» Description of the task: The lines to extract run from the first line of the material below to the line containing "This Boyds Bearstone", both included; leave the pictures behind.

::::::::::

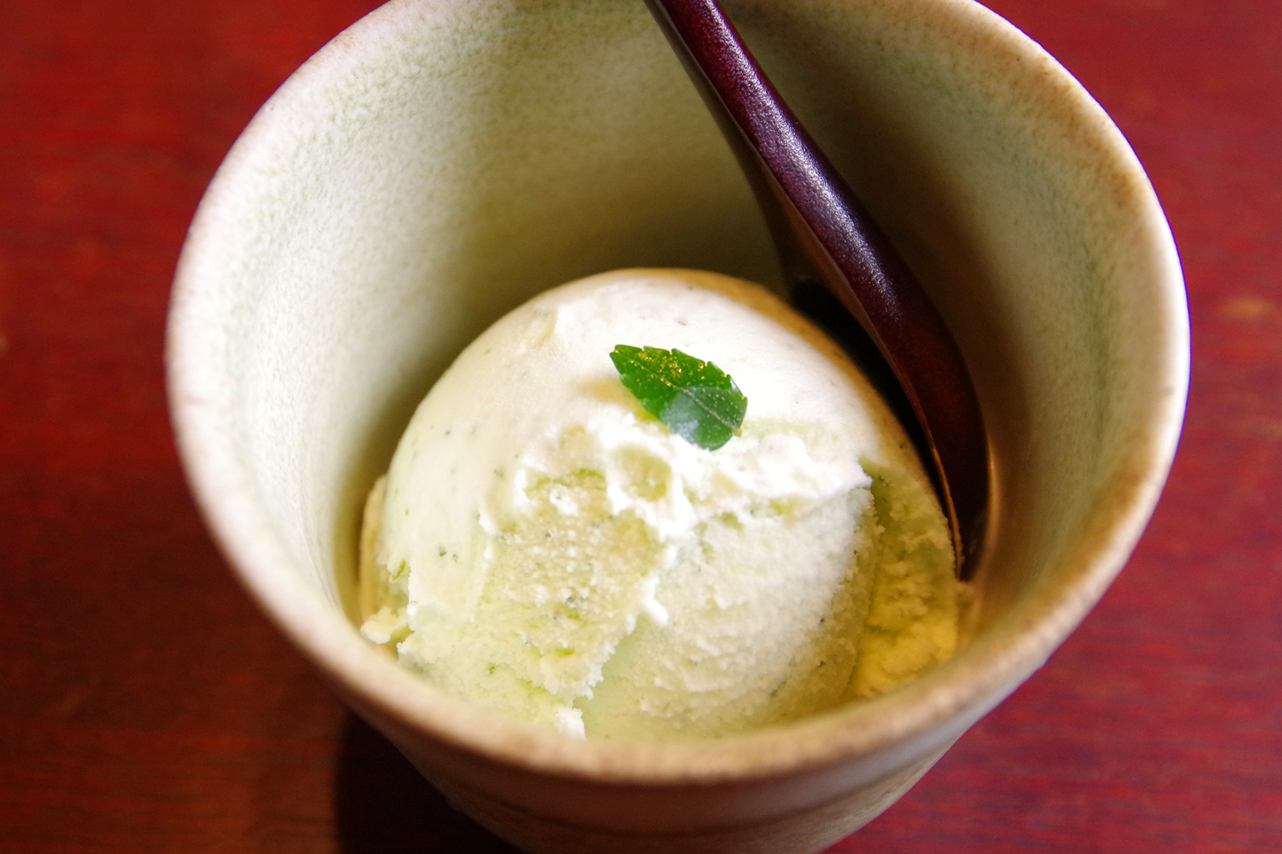 デザートのアイスは…蕎麦でも抹茶でもミントでもなく、葉山椒!?これがまたスッキリな味わいで、食後のデザートにはもってこいです。調べてみると同じ八ヶ岳のYETI GELATOのものだそう、実店舗を持たないジェラート屋さんなので次はどこで出会うことができるかしら。
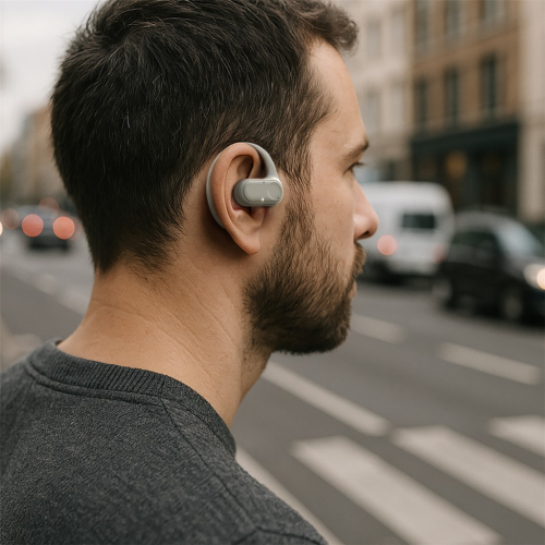 • zcela bezdrátová sluchátka s otevřenou konstrukcí a klipem za ucho
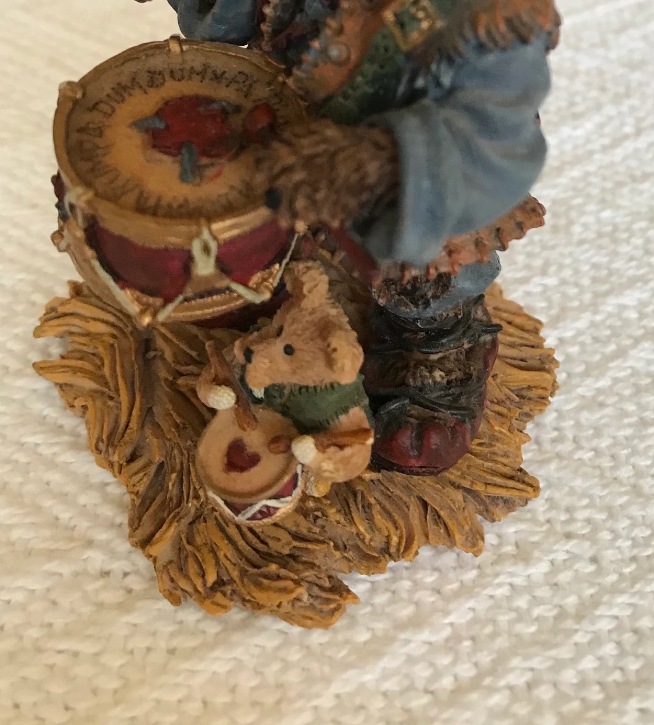 This Boyds Bearstone Collection figurine features Matthew as the drummer in a beautiful nativity scene.
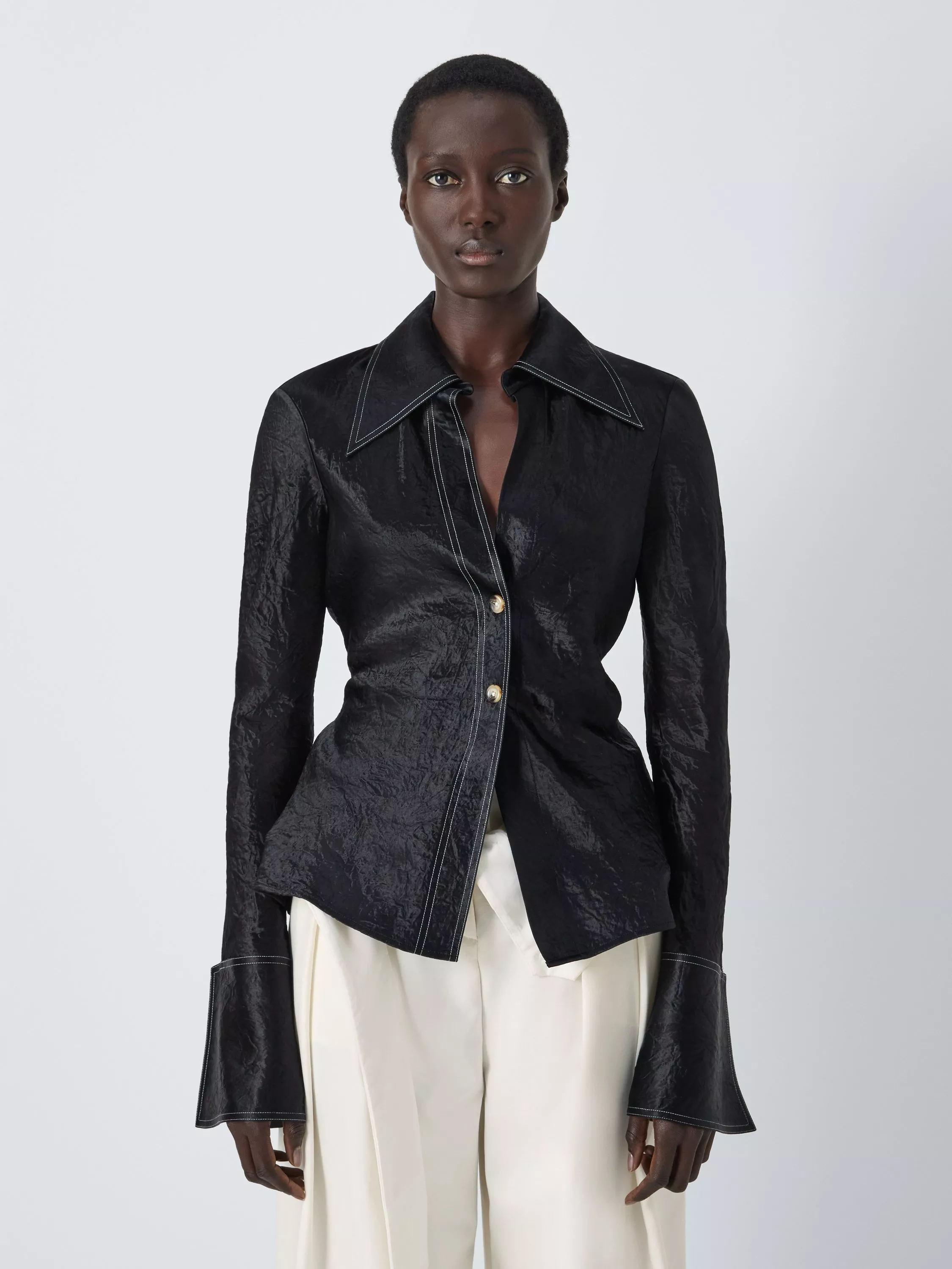 Slim fit shirt with a wide collar and oversized cuffs, emphasised by the contrast stitching. Fastens with two front buttons. The fabric has a subtle crinkle texture and sheen for a luxe look.
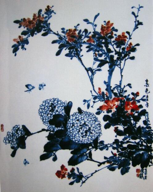 长方形,板面平整光洁。画面采用中国画构图,画法兼工带写,构图疏密得当,青花呈色沉稳。浓郁中有变化的青花叶片,衬托着锦簇团花,花丛中几只飞舞的彩蝶,将画面点缀得春意浓浓。
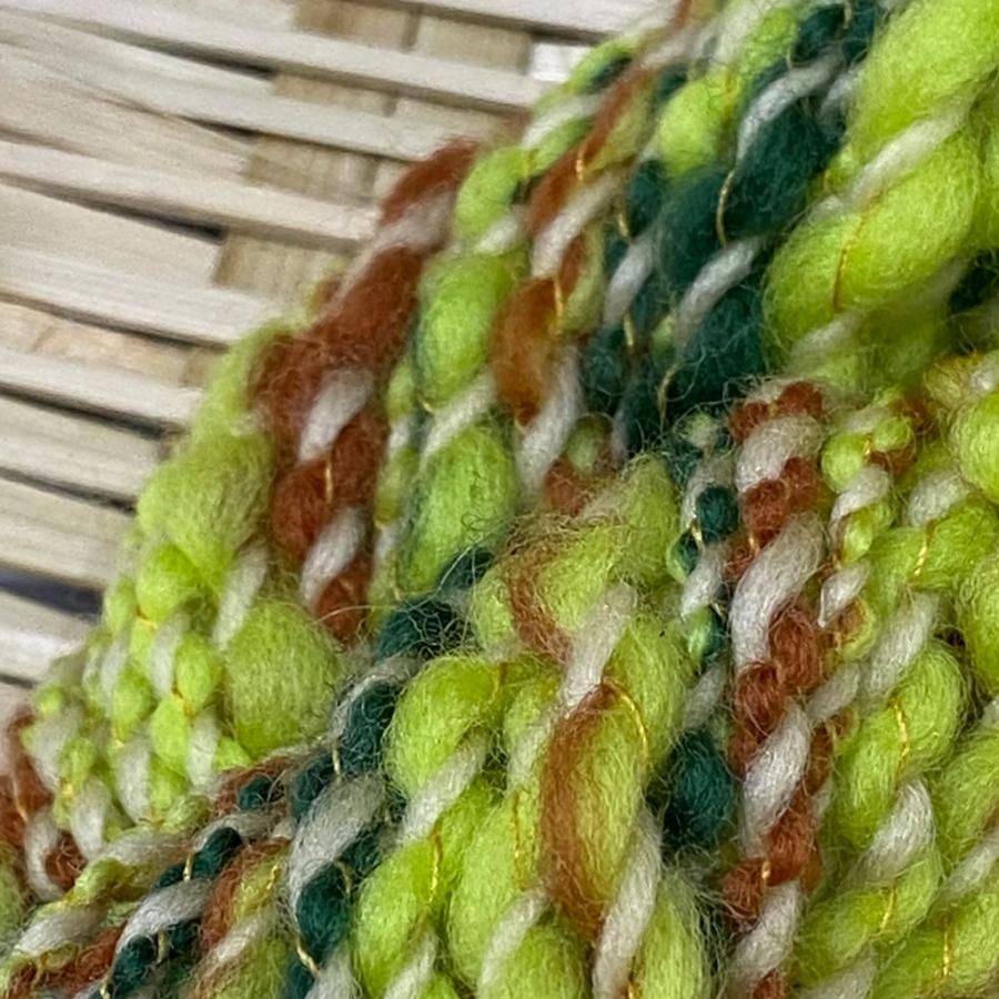 森の中から拾い上げてきた色たちが詰まったアートヤーンだなと思いました。森の物語や、森に差し込む日差し、小川のせせらぎ 鳥の声 そんな朝を連想させる美しい手紡ぎ糸です。
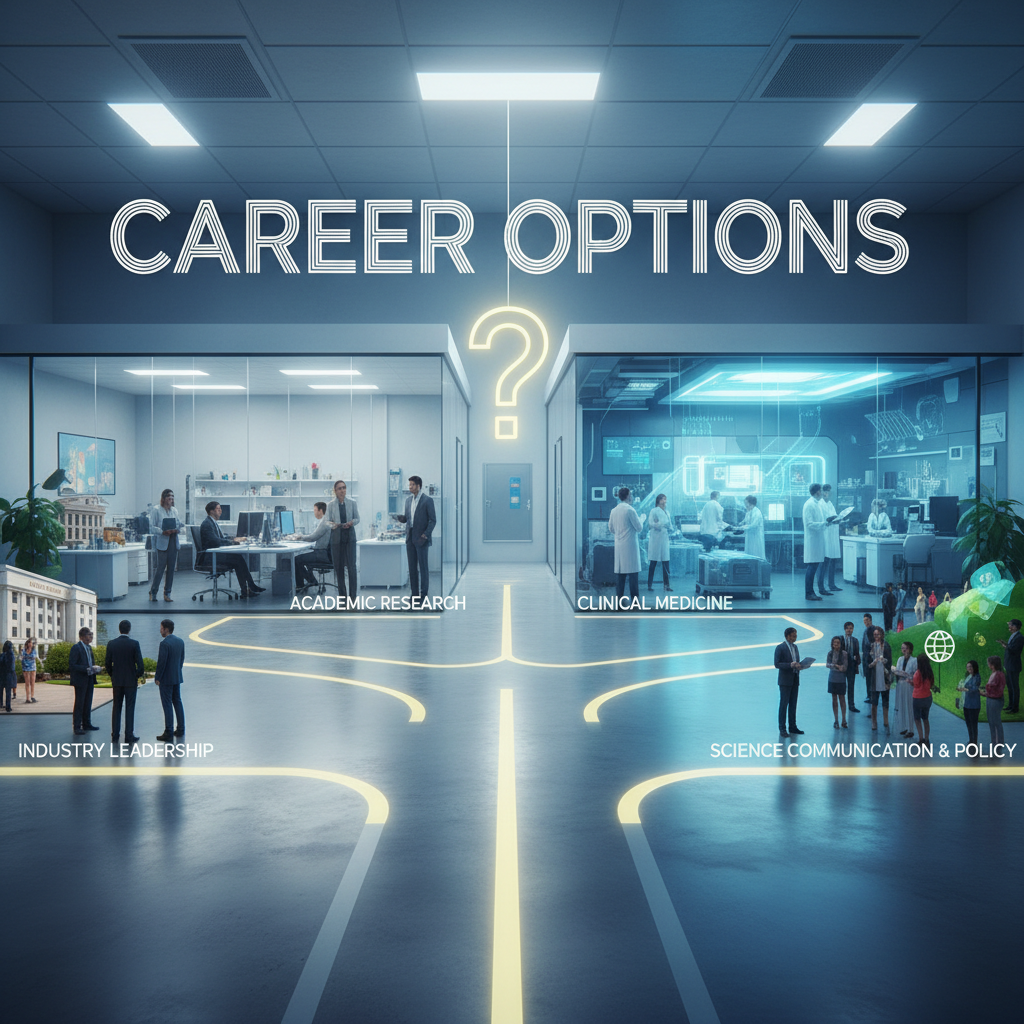 Alt text: Forked path in a research environment, representing branching career options after research assistantship.
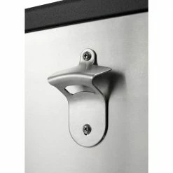 Made of high quality and durable 304 stainless steel, this cooler is perfect for any entertaining occasion. Entertain in style with an 80 Qt./20 Gal./80 aluminum can capacity. This sleek stainless steel cooler or ice cart is especially convenient with its raised design and wheels, as well as with the bottle opener and cap catcher. The bottom shelf also provides extra storage space allowing for easy refills, or anything else that needs to be carted outside. Also included is a cooler cover which is both water and UV resistant. The cover features 2 adjustable touch fastener straps to protect your cooler from the elements such as wind and rain. Perfect for indoor or outdoor use, you will never have to worry about serving warm drinks to your guests again.
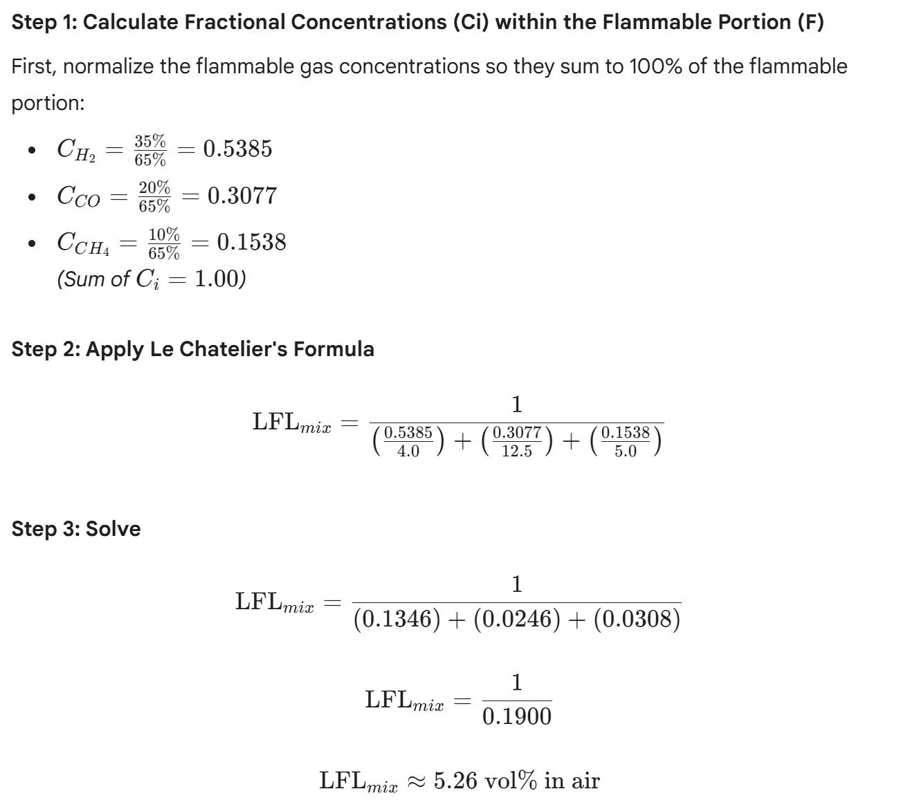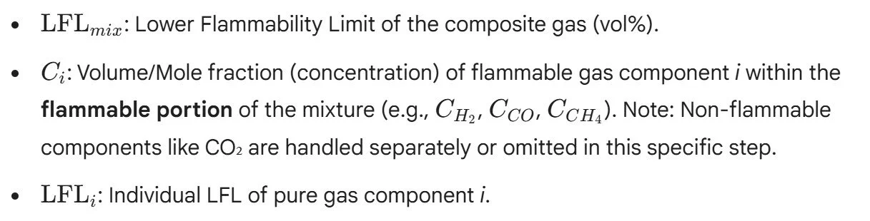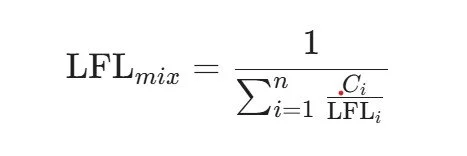Each flammable component has its own pure LFL. The goal is to determine the aggregate LFL mix of this unique, composite gas. The universal method to do this is Le Chatelier's Law, which states that the LFL of a mixture is the inverse of the sum of the fractional LFL contributions of each component.

::::::::::

» Finished exercise:
 デザートのアイスは…蕎麦でも抹茶でもミントでもなく、葉山椒!?これがまたスッキリな味わいで、食後のデザートにはもってこいです。調べてみると同じ八ヶ岳のYETI GELATOのものだそう、実店舗を持たないジェラート屋さんなので次はどこで出会うことができるかしら。
 • zcela bezdrátová sluchátka s otevřenou konstrukcí a klipem za ucho
 This Boyds Bearstone Collection figurine features Matthew as the drummer in a beautiful nativity scene.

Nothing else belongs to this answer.